= Cannabis policy of the first Trump administration =

The first Donald Trump administration (2017–2021) took positions against marijuana and against the easing of laws regarding marijuana. Although Trump indicated during his 2016 presidential campaign that he favored leaving the issue of legalization of marijuana to the states, his administration subsequently upheld the federal prohibition of cannabis, and Trump's 2021 fiscal budget proposal included removing protections for state medical marijuana laws.

In 2018, the administration rescinded the 2013 Cole Memorandum, an Obama-era Justice Department policy that generally directed federal prosecutors not to pursue marijuana prosecutions in states where marijuana is legal as a matter of state law. However, Trump signed the 2018 farm bill, which descheduled some cannabis products from the Controlled Substances Act for the first time.

==Early statements==
At a press conference in February 2017, White House Press Secretary Sean Spicer indicated that the federal government could pursue greater enforcement of federal anti-marijuana laws, with the U.S. Department of Justice under Trump "further looking into" states where recreational marijuana was legal as a matter of state law. Spicer distinguished between recreational marijuana use and medical marijuana use, suggesting that Trump "understands the pain and suffering that many people go through who are facing, especially terminal diseases, and the comfort that some of these drugs, including medical marijuana, can bring to them". Spicer stated that the administration believed there was a link between recreational marijuana use and opiate abuse, despite current studies that show the reverse and that marijuana use actually results in a lower incidence of opiate abuse.

==Rescission of the Cole Memorandum and Obama-era non-interference policy==
On January 4, 2018, Attorney General Jeff Sessions rescinded three Obama-era memos that had adopted a policy of non-interference with states that have legalized recreational marijuana, including the 2013 Cole Memorandum.
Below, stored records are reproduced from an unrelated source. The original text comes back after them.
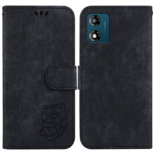 Funda de Cuero para Motorola Moto E13 Little Tiger en Relieve (Negro)
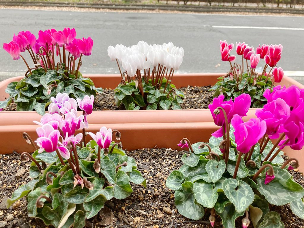 玄関先のガーデンシクラメンが今日も子どもたちをお出迎え
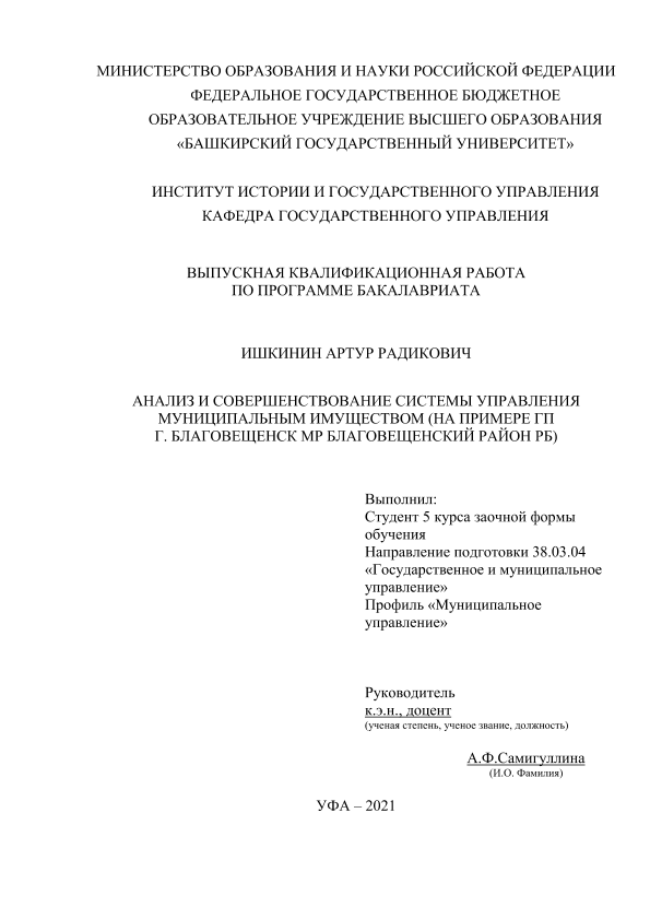 Экономика — Управление экономикой; ВКР; бакалавриат; управление муниципальным имуществом; анализ системы управления; Благовещенский район РБ; социально-экономическое развитие
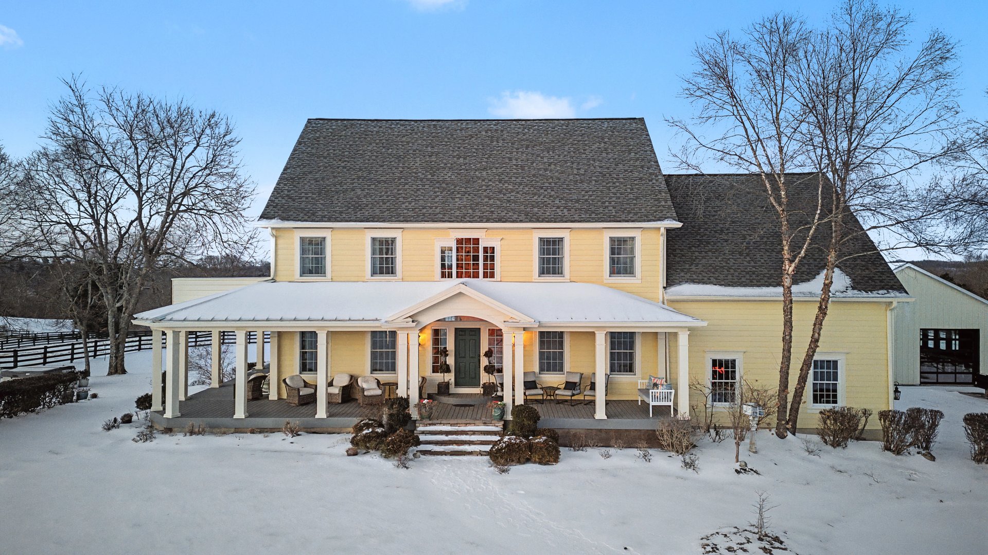 Back on the market with fresh updates! Enjoy newly refinished hardwood floors, brand-new carpet in the office, and professionally cleaned carpets throughout. Step into your own fairytale with this timeless yellow farmhouse, gracefully set on 20+ private acres overlooking the dramatic cliffs of the Central Kentucky Palisades. Every detail of this extraordinary estate blends classic charm with thoughtful modern updates from wide plank pine floors and a stunning stone fireplace to high-end finishes throughout. Designed for grand entertaining and everyday comfort, the home features 5 spacious bedrooms, including two primary suites one on the main level and one upstairs with vaulted ceilings and a luxurious bath. The gourmet kitchen is a showstopper with high-end appliances, a dramatic statement hood, oversized island with seating for six, and a sunny dinette. You'll love the formal entry, office, and practical mudroom that connects the garage to the back deck. A fully equipped basement apartment with its own kitchen, en-suite king bedroom, living space, and private entrance offers the perfect setup for guests, in-laws, or income potential. Step outside to your own private resort-style retreat, complete with heated saltwater pool, hot tub, full-size tennis court, barn, arena and 1600 sq ft man cave/shop with car lift.

In April 2018, after U.S. Senator Cory Gardner (Republican of Colorado), threatened to block the appointment of 20 Justice Department nominees in response to the Cole Memorandum's rescission, Gardner said that he had made a deal with Trump in which the administration said it would uphold the rights of states to regulate cannabis within their associated jurisdictions and assured states with legalized cannabis that the rescission of the Cole Memo would not subject them to federal prosecutors.

==Legislation==
One of the first official statements on the Trump administration's policies came in May 2017, when, while signing the 2017 omnibus appropriations bill, Trump included a signing statement saying that his administration could ignore the Rohrabacher–Blumenauer amendment (formerly the Rohrabacher–Farr amendment), which prohibits the use of federal funds to prosecute persons for medical marijuana activities that are legal under applicable state law. Trump's signing statement suggested that the congressional limitation on spending authority did not legally bind him.

In June 2018, Trump stated that he would "probably" support the STATES Act, a bipartisan bill that would effectively end the federal prohibition on marijuana and leave the issue up to the states.

== Response of the states ==

As of 2019, thirty-seven states have legalized marijuana for medical use. Alaska, California, Colorado, Illinois, Maine, Massachusetts, Nevada, Oregon, Vermont, Michigan, and Washington and the District of Columbia have legalized it for recreational use as well. In April 2017, the governors of Alaska, Colorado, Oregon and Washington sent a letter to the U.S. administration urging continuation of Federal policy under the Cole Memorandum.

In response to the February 2017 announced crackdown:
- Washington State Attorney General Bob Ferguson stated Washington will defend its marijuana laws: "I will resist any efforts by the Trump administration to undermine the will of the voters in Washington state," Ferguson said in an interview. On February 15, Ferguson and Governor Jay Inslee sent a letter to U.S. Attorney General Jeff Sessions stating that illegal dealing in the State of Washington has been replaced with a tax-paying regulated industry, and the move has freed up law enforcement officers for other duties. Ferguson and Inslee's letter told Sessions that "Given the limited resources available for marijuana law enforcement, a return to 'full' prohibition' is highly unlikely to end the illicit production, trafficking and consumption of marijuana."
- Nevada Senate Majority Leader Aaron D. Ford called on the state's attorney general to "vigorously defend" the state's laws legalizing and taxing recreational marijuana. Ford said that "Any action by the Trump administration would be an insult to Nevada voters and would pick the pockets of Nevada's students."
- U.S. Senator Ron Wyden of Oregon responded to the intended crackdown, by calling on the federal government to respect the decision of Oregon voters to legalize marijuana and saying that "the Trump administration is threatening states' rights, including the rights of one in five Americans who live in a state where marijuana is legal." He stated he would ask the state to oppose federal government intrusion into the state.